The ubiquitin proteasome system regulates protein expression at the post-translational level by tagging certain proteins with ubiquitin and thereby marking them for degradation by the proteasome complex. This system is highly conserved and is used by almost every eukaryotic cell to degrade and recycle proteins. In this issue (p. 3522), Margaret Fuller and colleagues uncover a surprisingly specific role for the polyubiquitin Ubi-p63E, encoded by magellan (magn), in the Drosophila spermatogenetic programme.
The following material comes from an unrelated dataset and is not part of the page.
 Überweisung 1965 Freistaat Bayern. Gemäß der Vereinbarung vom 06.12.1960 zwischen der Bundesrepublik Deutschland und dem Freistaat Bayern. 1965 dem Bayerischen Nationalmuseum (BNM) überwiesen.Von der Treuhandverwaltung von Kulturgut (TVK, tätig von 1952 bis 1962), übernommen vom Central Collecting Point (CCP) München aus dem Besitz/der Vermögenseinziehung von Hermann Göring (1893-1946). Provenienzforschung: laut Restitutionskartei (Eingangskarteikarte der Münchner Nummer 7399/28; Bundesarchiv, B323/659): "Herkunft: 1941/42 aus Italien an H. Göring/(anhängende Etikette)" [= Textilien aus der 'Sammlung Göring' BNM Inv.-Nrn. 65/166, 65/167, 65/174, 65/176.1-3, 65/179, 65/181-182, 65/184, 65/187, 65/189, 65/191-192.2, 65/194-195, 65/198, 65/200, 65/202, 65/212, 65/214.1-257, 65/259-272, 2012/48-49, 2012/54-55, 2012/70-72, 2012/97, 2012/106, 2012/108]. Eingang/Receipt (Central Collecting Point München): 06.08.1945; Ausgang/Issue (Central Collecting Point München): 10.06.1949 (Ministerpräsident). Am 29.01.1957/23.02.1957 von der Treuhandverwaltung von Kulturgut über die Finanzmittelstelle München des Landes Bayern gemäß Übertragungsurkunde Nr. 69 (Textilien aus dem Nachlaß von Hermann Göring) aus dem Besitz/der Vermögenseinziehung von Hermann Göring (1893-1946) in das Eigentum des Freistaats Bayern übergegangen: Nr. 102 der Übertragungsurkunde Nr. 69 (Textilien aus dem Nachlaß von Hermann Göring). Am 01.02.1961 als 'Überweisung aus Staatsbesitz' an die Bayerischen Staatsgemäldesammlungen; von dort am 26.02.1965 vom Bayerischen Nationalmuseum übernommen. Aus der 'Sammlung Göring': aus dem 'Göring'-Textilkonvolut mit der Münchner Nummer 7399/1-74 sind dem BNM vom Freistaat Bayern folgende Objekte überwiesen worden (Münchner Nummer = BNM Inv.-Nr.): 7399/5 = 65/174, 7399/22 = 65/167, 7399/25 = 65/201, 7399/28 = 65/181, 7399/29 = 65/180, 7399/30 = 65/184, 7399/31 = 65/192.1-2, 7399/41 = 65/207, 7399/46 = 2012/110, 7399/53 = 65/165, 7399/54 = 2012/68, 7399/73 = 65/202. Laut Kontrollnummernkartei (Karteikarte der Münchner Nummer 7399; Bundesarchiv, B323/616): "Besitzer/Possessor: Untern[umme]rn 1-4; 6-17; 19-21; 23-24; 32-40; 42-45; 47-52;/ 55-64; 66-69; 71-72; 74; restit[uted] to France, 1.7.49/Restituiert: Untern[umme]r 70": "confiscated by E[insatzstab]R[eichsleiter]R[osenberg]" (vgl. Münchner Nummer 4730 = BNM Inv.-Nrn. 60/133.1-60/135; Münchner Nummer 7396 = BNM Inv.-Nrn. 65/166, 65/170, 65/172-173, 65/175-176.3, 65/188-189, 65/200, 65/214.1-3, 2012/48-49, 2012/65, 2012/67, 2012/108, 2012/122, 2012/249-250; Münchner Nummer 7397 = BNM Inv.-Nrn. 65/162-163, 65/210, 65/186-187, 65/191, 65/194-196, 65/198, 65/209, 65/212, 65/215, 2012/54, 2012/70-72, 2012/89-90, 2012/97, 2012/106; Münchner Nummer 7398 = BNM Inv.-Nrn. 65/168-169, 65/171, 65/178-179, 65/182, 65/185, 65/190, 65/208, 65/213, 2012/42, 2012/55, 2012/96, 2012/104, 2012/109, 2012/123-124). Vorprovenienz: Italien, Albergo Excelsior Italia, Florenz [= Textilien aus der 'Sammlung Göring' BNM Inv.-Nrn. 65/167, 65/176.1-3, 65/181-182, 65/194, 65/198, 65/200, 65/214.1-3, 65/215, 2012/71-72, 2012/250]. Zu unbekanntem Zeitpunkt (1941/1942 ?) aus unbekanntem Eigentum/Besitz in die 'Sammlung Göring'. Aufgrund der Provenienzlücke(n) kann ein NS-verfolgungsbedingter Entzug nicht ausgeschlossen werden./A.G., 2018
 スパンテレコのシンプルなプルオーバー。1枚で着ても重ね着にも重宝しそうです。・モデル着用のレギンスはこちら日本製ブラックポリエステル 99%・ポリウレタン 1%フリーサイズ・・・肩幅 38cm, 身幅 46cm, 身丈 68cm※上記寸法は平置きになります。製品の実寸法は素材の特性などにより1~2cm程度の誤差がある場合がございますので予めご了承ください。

Loss-of-function magn mutants fail to maintain the free ubiquitin pool specifically in the testes, which ultimately results in meiotic arrest and sterility. The authors show that Ubi-p63E is required for normal meiotic chromatin condensation, cell cycle progression and spermatid differentiation, whereas the expression of spermatocyte genes was largely unaffected in the magn mutant. The observed phenotype is likely to be specific to the magn mutant, as knockdown of proteasome subunits had more widespread and severe effects. These data uncover a novel and highly specific mechanism of post-translational regulation via ubiquitin homeostasis in the developing male germline.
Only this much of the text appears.